• **Records for the task**:
○ ○ ○ ○
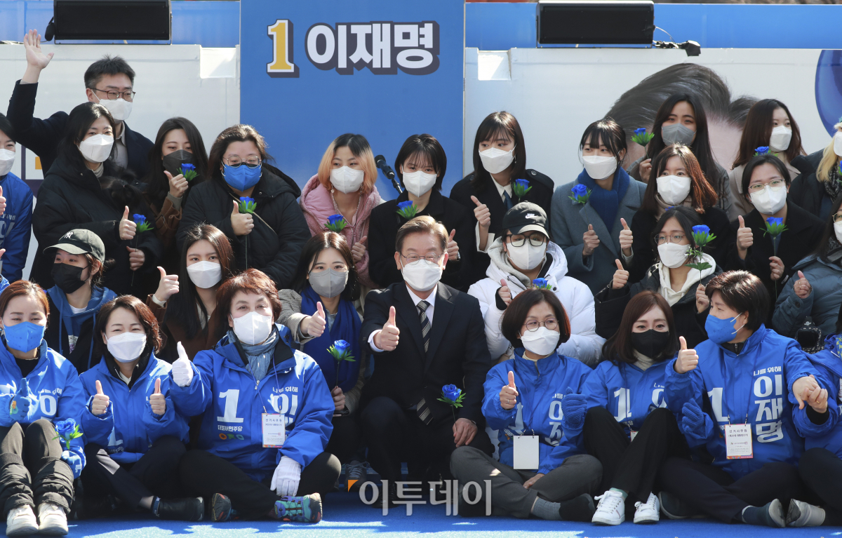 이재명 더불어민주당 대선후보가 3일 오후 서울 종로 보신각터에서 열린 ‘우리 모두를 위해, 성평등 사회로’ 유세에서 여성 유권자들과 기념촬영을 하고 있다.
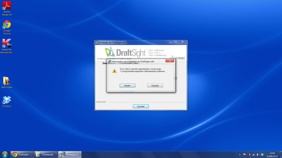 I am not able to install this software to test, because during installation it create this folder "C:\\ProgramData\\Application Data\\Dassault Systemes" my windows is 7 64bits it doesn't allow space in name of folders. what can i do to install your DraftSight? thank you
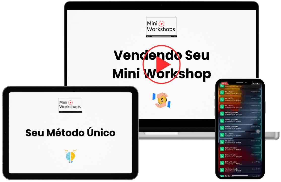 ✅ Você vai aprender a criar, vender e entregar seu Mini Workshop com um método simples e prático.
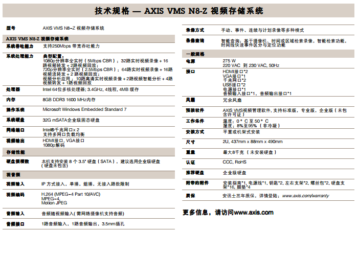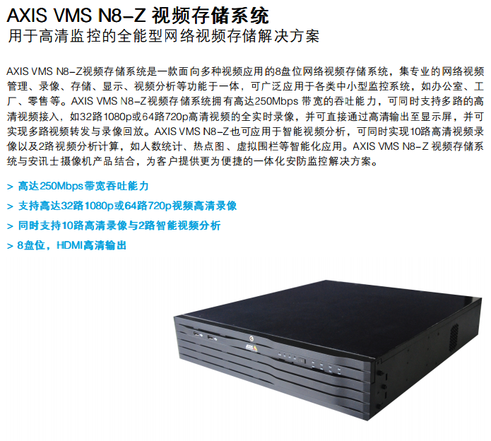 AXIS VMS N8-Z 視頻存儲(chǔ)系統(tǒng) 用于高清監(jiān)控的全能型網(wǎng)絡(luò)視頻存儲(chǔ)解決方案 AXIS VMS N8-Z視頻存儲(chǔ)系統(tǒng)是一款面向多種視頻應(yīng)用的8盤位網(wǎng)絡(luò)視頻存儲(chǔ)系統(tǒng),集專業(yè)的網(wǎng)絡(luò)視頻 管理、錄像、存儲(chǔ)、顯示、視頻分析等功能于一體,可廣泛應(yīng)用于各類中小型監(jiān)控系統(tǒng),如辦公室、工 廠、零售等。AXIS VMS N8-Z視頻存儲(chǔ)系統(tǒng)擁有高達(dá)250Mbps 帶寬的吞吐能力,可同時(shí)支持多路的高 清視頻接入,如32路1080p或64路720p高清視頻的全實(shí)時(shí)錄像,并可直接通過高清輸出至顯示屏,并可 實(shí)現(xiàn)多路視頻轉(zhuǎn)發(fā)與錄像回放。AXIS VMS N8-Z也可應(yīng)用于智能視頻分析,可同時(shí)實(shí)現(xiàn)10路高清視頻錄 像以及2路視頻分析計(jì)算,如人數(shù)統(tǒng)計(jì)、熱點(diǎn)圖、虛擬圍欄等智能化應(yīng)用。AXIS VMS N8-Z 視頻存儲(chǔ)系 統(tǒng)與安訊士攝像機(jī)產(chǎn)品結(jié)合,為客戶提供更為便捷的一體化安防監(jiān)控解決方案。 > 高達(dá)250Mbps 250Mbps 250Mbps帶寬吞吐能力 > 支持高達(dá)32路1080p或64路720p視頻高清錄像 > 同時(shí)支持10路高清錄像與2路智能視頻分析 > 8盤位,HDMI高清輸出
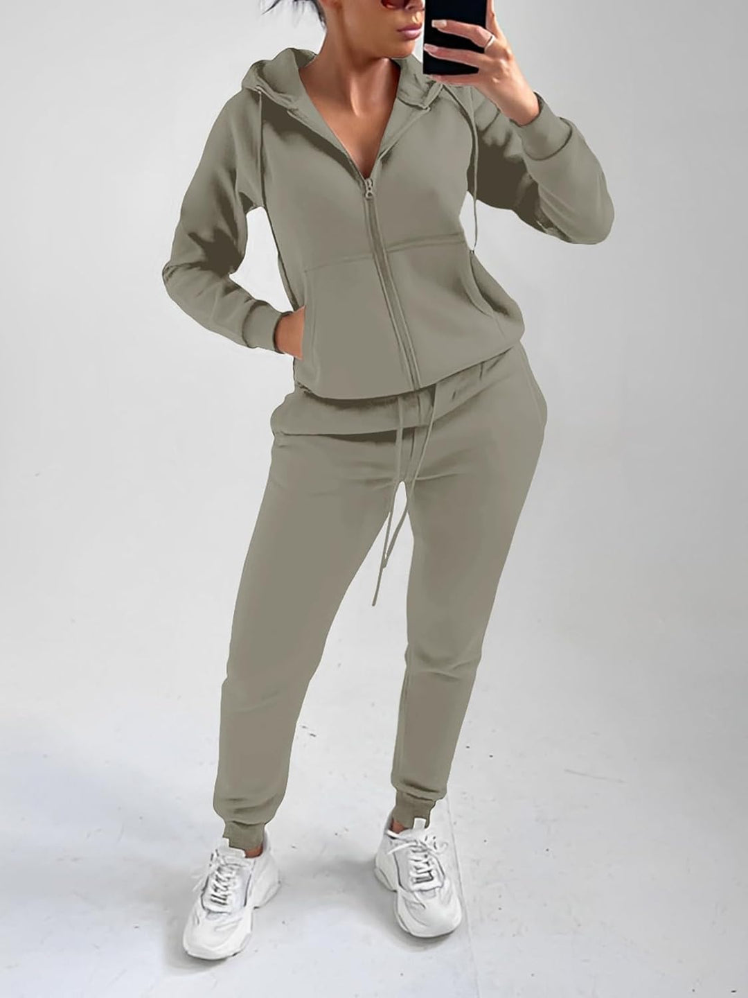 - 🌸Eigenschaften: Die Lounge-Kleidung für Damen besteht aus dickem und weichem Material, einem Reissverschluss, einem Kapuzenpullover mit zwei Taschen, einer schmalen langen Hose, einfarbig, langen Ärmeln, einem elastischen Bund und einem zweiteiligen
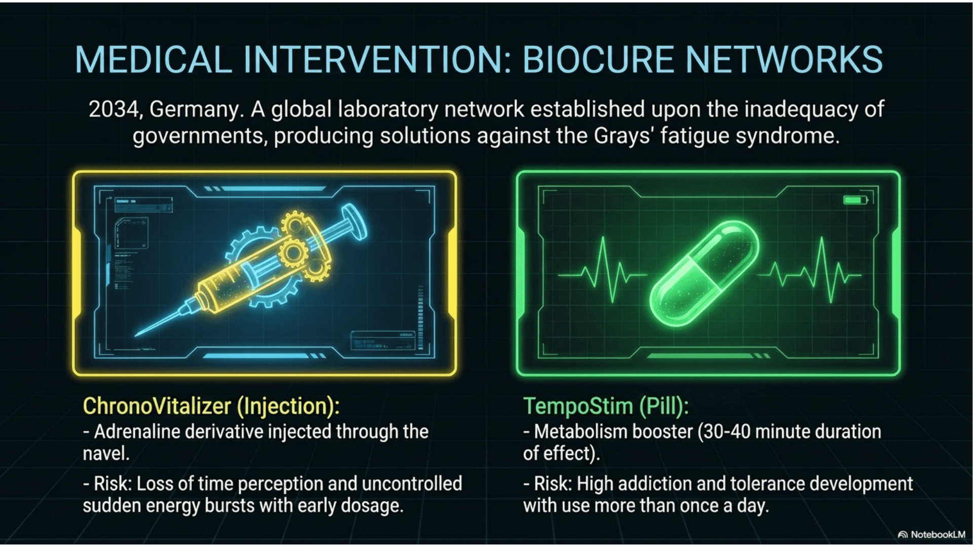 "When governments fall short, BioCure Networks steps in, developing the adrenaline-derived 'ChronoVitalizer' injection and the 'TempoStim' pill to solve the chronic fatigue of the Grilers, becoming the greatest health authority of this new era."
○ ○ ○ ○
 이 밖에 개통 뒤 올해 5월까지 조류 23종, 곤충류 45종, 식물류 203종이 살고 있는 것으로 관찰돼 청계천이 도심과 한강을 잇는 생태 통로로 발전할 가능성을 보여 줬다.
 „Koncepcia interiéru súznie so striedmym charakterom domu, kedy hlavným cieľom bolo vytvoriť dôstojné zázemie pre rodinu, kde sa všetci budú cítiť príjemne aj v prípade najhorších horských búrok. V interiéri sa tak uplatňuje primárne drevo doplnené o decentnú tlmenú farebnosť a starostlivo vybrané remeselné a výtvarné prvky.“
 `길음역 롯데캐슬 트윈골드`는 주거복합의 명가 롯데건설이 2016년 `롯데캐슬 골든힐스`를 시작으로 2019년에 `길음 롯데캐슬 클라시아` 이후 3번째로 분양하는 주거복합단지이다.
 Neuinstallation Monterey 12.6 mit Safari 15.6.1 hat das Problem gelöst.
○ ○ ○ ○
• **The task**:
After locating "이재명 더불어민주당 대선후보가" and "fall short, BioCure" in the records above, return exactly the line holding each one and every line between them; leave out the pictures.

• **Written reply**:
 이재명 더불어민주당 대선후보가 3일 오후 서울 종로 보신각터에서 열린 ‘우리 모두를 위해, 성평등 사회로’ 유세에서 여성 유권자들과 기념촬영을 하고 있다.
 I am not able to install this software to test, because during installation it create this folder "C:\\ProgramData\\Application Data\\Dassault Systemes" my windows is 7 64bits it doesn't allow space in name of folders. what can i do to install your DraftSight? thank you
 ✅ Você vai aprender a criar, vender e entregar seu Mini Workshop com um método simples e prático.
 AXIS VMS N8-Z 視頻存儲(chǔ)系統(tǒng) 用于高清監(jiān)控的全能型網(wǎng)絡(luò)視頻存儲(chǔ)解決方案 AXIS VMS N8-Z視頻存儲(chǔ)系統(tǒng)是一款面向多種視頻應(yīng)用的8盤位網(wǎng)絡(luò)視頻存儲(chǔ)系統(tǒng),集專業(yè)的網(wǎng)絡(luò)視頻 管理、錄像、存儲(chǔ)、顯示、視頻分析等功能于一體,可廣泛應(yīng)用于各類中小型監(jiān)控系統(tǒng),如辦公室、工 廠、零售等。AXIS VMS N8-Z視頻存儲(chǔ)系統(tǒng)擁有高達(dá)250Mbps 帶寬的吞吐能力,可同時(shí)支持多路的高 清視頻接入,如32路1080p或64路720p高清視頻的全實(shí)時(shí)錄像,并可直接通過高清輸出至顯示屏,并可 實(shí)現(xiàn)多路視頻轉(zhuǎn)發(fā)與錄像回放。AXIS VMS N8-Z也可應(yīng)用于智能視頻分析,可同時(shí)實(shí)現(xiàn)10路高清視頻錄 像以及2路視頻分析計(jì)算,如人數(shù)統(tǒng)計(jì)、熱點(diǎn)圖、虛擬圍欄等智能化應(yīng)用。AXIS VMS N8-Z 視頻存儲(chǔ)系 統(tǒng)與安訊士攝像機(jī)產(chǎn)品結(jié)合,為客戶提供更為便捷的一體化安防監(jiān)控解決方案。 > 高達(dá)250Mbps 250Mbps 250Mbps帶寬吞吐能力 > 支持高達(dá)32路1080p或64路720p視頻高清錄像 > 同時(shí)支持10路高清錄像與2路智能視頻分析 > 8盤位,HDMI高清輸出
 - 🌸Eigenschaften: Die Lounge-Kleidung für Damen besteht aus dickem und weichem Material, einem Reissverschluss, einem Kapuzenpullover mit zwei Taschen, einer schmalen langen Hose, einfarbig, langen Ärmeln, einem elastischen Bund und einem zweiteiligen
 "When governments fall short, BioCure Networks steps in, developing the adrenaline-derived 'ChronoVitalizer' injection and the 'TempoStim' pill to solve the chronic fatigue of the Grilers, becoming the greatest health authority of this new era."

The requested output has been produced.